My last several posts have discussed the strengths and weaknesses of the U.S. economy and where the presidential candidates stand on the main issues.  As Donald Trump now slides further and further behind in the polls due to his juvenile tit-for-tat personality, his personal views matter less and less.
Capture31What does matter now is how the Republican Party will use the Trump disruption to broaden its appeal in the future. Here is a restatement of several of my ideas, influenced by two recent articles in the New York Times, here and here:

  • Reject tax cuts for the wealthy. But rather support tax rate cuts across the board, paid for by shrinking deductions which primarily benefit the wealthy. Such tax reform will give a sorely needed big boost to the economy.
  • Help workers displaced by foreign trade with expanded retraining programs and wage insurance. Increased globalization will also boost economic growth but it will stall without greater public support.
  • Acknowledge that universal health care is here to stay but push for market-oriented changes such as eliminating the mandates required by the ACA.

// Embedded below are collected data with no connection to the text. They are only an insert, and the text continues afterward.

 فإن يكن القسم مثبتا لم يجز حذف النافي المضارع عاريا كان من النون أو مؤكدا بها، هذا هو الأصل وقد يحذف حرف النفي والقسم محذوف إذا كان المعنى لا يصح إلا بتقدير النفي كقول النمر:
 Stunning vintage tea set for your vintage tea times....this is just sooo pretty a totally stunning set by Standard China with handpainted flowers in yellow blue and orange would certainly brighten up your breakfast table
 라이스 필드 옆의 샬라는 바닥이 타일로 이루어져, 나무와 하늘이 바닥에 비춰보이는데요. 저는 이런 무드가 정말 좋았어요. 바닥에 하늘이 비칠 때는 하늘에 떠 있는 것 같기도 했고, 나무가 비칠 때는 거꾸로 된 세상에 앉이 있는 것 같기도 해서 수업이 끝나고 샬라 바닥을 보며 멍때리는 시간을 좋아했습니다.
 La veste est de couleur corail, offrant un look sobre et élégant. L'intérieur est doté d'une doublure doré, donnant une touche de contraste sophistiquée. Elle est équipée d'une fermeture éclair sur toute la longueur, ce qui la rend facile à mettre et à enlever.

  • Disavow mass deportations but set up a firm border security program along with an adequate guest worker program to provide businesses the workers whom they are unable to hire locally. Again, legitimate immigration reform will boost the economy.
  • Admit that Invading Iraq was a mistake but nevertheless insist on a muscular foreign policy. U.S. economic and military strength provide peace and stability for the whole world including us.
  • Loosen up on social policy. Insist on restrictions on abortion (e.g. a 20 week cutoff) rather than abolition and work requirements for social welfare recipients rather than cutbacks in aid. In general turn over more social policy regulation to the individual states.

Conclusion. The U.S. badly needs more fiscally conservative national leaders. But conservatives will not prevail in the political process without using more common sense.